Бэкхен, кажется, сходит с ума при первом же толчке, плавится в коктейле из боли и наслаждения, царапает короткими ногтями спину парня и снова стонет до хрипоты и раскаленного горла, совершенно наплевав на то, что соседям, наверное, сегодня не уснуть.

Чанель чертовски идеален, этакий бог, сошедший на грешную землю только для того, чтобы окончательно разъебать и без того расшатанную психику Бена. То, как он двигается, как берет его, заполняет собой — все это заставляет сладко жмуриться и выгибаться на скомканных простынях, предлагая еще больше. Бэкхен предлагает всего себя, до последней клеточки, плавно вскидывает бедра, сжимается вокруг твердого члена. Ему нужно еще больше удовольствия для себя и для Чанеля.

Бэкхена не хватит надолго: он это прекрасно знает, как и то, что кончить с Чанелем он может не один раз. Слишком ведет его с каждого движения, с каждого грубоватого касания — потом Бэкхен будет прятать эти синяки и засосы под толстовками, словно постыдное клеймо.

Бэкхен тянет руку к собственному изнывающему члену — сил ждать совсем нет, ласково касается влажной головки, и кажется, ему осталось всего-ничего до первого крышесносного оргазма.

— Руки.

В его голосе сквозит сталь, уверенность и едкое безразличие. Да, ему все равно, в какой-то степени. Но разве он не тот, кто сможет довести парня до оргазма просто так? Разве нужно прикасаться к себе, прекрасно зная, что еще пары жестких толчков вполне достаточно для того, чтобы кончить с его именем на губах? Как всегда это делал Бэкхен. Как всегда будет делать, пока это дерьмо в их жизни не закончится по обоюдному согласию.

— Я сказал убрать руки, Бэкхен, — Чанель честно старается не грубить, но иначе просто не выходит, и его слова подкрепляются резким толчком внутрь возбужденного тела, а потом еще и еще, выбивая из парня под ним весь воздух из легких.

Чанель никогда не просит — приказывает, и порой это злит. Порой возбуждает еще сильнее, до мелькающих темных пятен перед глазами, и Бэкхен покоряется. Он покоряется всегда, сдается на милость, прекрасно зная, что иначе — никак. Цепляется за плечи, царапает их, на самом краю сознания с удовольствием отмечая, что завтра очередная Чжиын или кто-нибудь еще заметит эти алеющие следы.

Бэкхен теперь не касается себя, но выгибается еще сильнее, будто старается заслужить хоть какую-то ласку от парня.
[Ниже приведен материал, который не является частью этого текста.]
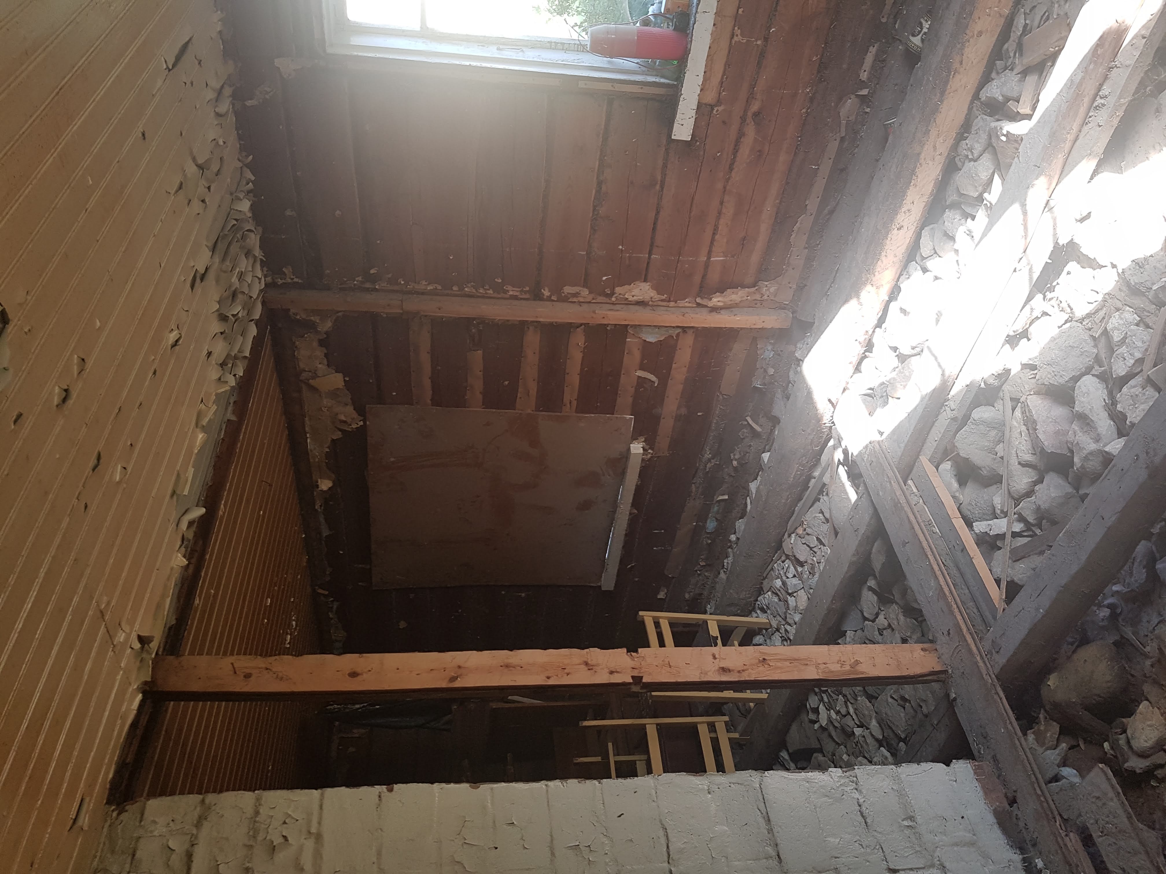 Vesi ja elekter on hoonest eemaldatud. Masinatega saab majale ligi ja saab manööverdada.

Чертов Пак Чанель. Бэкхен должен был давно его возненавидеть, разлюбить, только вот все глубже погружается в эту бездну односторонней любви и вечного ангста.

— Блять… — очередной резкий толчок выбивает весь воздух из легких, заставляет распахнуть рот в царапающем горло стоне. Слишком хорошо, слишком горячо, слишком сладко. И Бэкхен не может с этим справиться, повторяет чужое имя как заведенный, поддаваясь под толчки еще сильнее. Ему остается совсем немного, и он не говорит — стонет об этом. — Блять, Чанель, я больше не могу…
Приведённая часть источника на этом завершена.